Look through the data that follows and copy each line with the string "background".

= Entries shown =
┏━━

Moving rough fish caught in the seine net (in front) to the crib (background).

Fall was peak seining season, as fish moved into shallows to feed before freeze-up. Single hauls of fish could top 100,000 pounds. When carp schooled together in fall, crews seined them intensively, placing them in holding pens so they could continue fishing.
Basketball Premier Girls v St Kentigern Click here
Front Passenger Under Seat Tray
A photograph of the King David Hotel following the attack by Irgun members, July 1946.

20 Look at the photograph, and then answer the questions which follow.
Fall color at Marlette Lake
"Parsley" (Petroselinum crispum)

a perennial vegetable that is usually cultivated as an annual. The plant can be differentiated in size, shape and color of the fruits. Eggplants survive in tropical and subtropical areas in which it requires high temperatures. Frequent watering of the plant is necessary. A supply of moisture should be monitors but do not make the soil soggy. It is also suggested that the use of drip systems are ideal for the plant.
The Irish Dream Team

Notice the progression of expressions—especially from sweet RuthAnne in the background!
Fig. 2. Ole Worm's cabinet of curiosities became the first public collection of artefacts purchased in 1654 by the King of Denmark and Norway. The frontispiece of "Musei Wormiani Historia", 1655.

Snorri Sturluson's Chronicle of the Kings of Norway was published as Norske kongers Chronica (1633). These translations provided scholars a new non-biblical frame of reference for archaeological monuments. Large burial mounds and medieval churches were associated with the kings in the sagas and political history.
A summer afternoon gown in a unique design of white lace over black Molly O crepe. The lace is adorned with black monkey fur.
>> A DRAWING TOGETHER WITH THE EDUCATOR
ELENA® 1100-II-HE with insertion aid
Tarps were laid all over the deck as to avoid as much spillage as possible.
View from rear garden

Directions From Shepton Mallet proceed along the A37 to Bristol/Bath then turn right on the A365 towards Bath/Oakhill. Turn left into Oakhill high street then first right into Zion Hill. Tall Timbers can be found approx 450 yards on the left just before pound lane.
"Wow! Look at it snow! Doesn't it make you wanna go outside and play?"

┗━━

= Result below =
Moving rough fish caught in the seine net (in front) to the crib (background).
Notice the progression of expressions—especially from sweet RuthAnne in the background!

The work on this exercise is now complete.